Posted on 26-November-2014 by mathscinotes

Introduction

Figure 1: Scuttled K-27 November-Class Submarine.

Figure 1: Scuttled K-27 November-Class Submarine.

I just read an interesting article about an arctic environmental problem being presented by a Soviet-era nuclear submarine that had been scuttled back in 1982 (Figure 1). Apparently, scientists are now concerned that the submarine's reactor could leak dangerous fission products into the ocean. There is even some concern that an uncontrolled nuclear reaction could occur at this wreck that could be a serious environmental problem.

The article  contained the following quote that got me thinking about the amount of fuel that a nuclear submarine's reactor must carry.

The K-27 was scuttled of the coast of Novaya Zelmya in 50 meters of water in 1982. It contained 90 kilograms of uranium-235 when it went down.

Let's see if we can estimate the amount of uranium-235 (235U) that a submarine reactor must carry to do its job over its working lifetime.

Background

I am going to include some information that is not needed for my analysis, but that I found interesting because I have never thought about large these reactor plants are and how they are disposed of when they are spent.

Analysis Information

The following information is needed for my analysis. Some of the numbers are going to be crude guesses, but I am only interested in an estimate.
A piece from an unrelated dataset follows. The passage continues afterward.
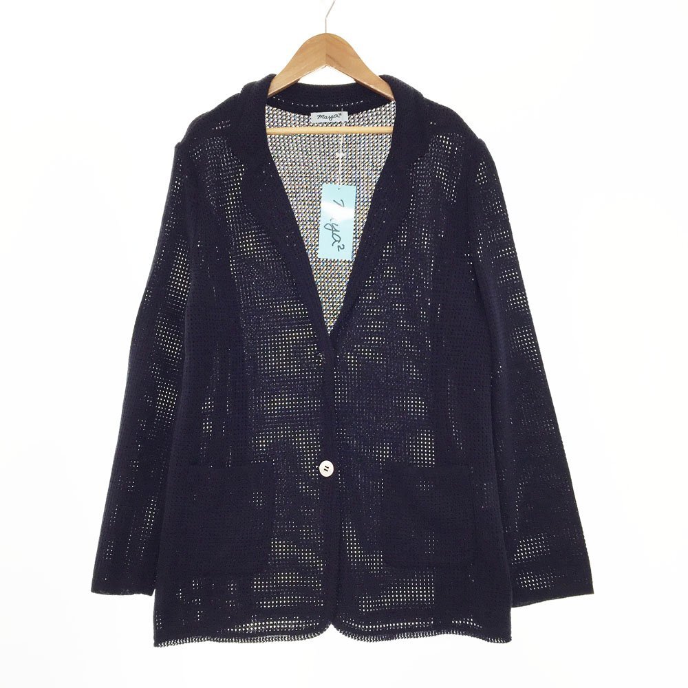 - ★未使用 maya2 マヤツー 長袖 メッシュニット ジャケット 13号 レディース ネイビー カーディガン テーラードジャケット 2BA/93719

I will focus on the S6G reactor used on the Los Angeles class boats because I can find the most information on those power plants.

  • Energy per Fission of 235U Atom.

    Wikipedia states that each fission produces 202.5 MeV of energy.

  • Molar mass of 235U.

    The Wikipedia states that the molar mass of 235U is 235.043 grams.

  • Efficiency of the power plant.

    I am going to guess 25% because that is a figure I have seen quoted for other steam turbine-based power systems.

  • Average power usage during the lifetime of the submarine.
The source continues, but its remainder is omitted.